What would a "religionless" Christianity look like?  I think Bonhoeffer meant to use it as Bultmann meant to do; to remove the dead traditions of 2000 years accretion from the central teachings of Christianity.  But can we also use the concept to remove Christianity from its connections with the culture?  That Roman church, in large part (especially with its "Princes of the Church") clings to a past best left behind; but being international, it also tends to stand apart from culture better than most Protestant denominations (and most Protestants individually) do.  Protestantism has historically been almost entirely a creature of the culture it exists in; can it find a new way to be in the world but not of the world?

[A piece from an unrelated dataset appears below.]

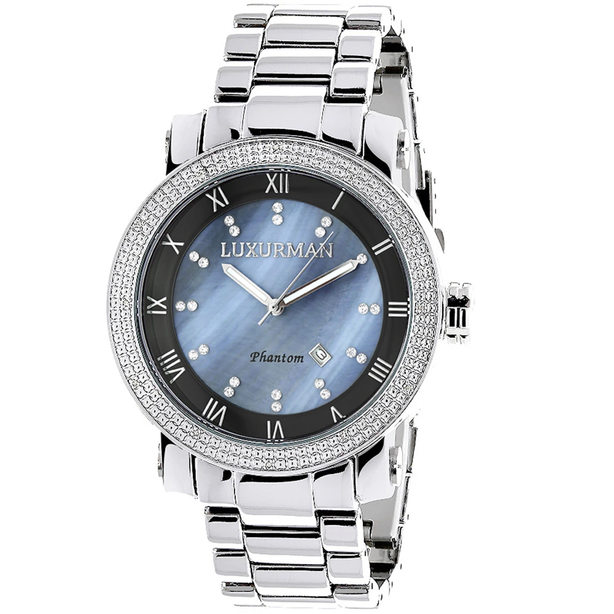 Luxurman Men’s Diamond Watch 0.12ct Blue MOP Large 49mm Watch

*Werleman's analysis goes completely awry on this point.  He states what he means to be his thesis:  "The point is that in an overly religious country it works too well, and to America’s detriment," but then the concluding paragraphs present analyses of the problem that rest entirely on culture, and have nothing directly or indirectly to do with religion.  He ends on this note:
The Republican Party, particularly in the South, will always dredge up these cultural issues to ensure its base remains a captive tool of corporate ideology. That way its corporate sponsors can maintain a perpetually impoverished lower class from which to draw its cheap labor.
Which is right, but marks a completely different issue than he started with.  The problem in the American South is cultural, not specifically religious or Christian.

1 comment:

  1. The history of the American left, beginning in the late 60s, when it abandoned the thing that powered it in the early 60s, religious belief, provides ample evidence that atheism can't do it. Atheism has been far more useful to the right as a means of attacking the left than it has been for the left. There was this little item, that you might find interesting, about how Maddy M. O'Hair's American Atheists tried to get a table at the CPAC conference but were turned away.

    http://www.salon.com/2014/02/28/the_rights_ayn_rand_hypocrisy_why_their_religious_posture_is_a_total_sham/

    It, rightly, points out what a sham the right's "religious posture" is but it could just as well have shown what a fraud atheism as a leftist ideological adornment is.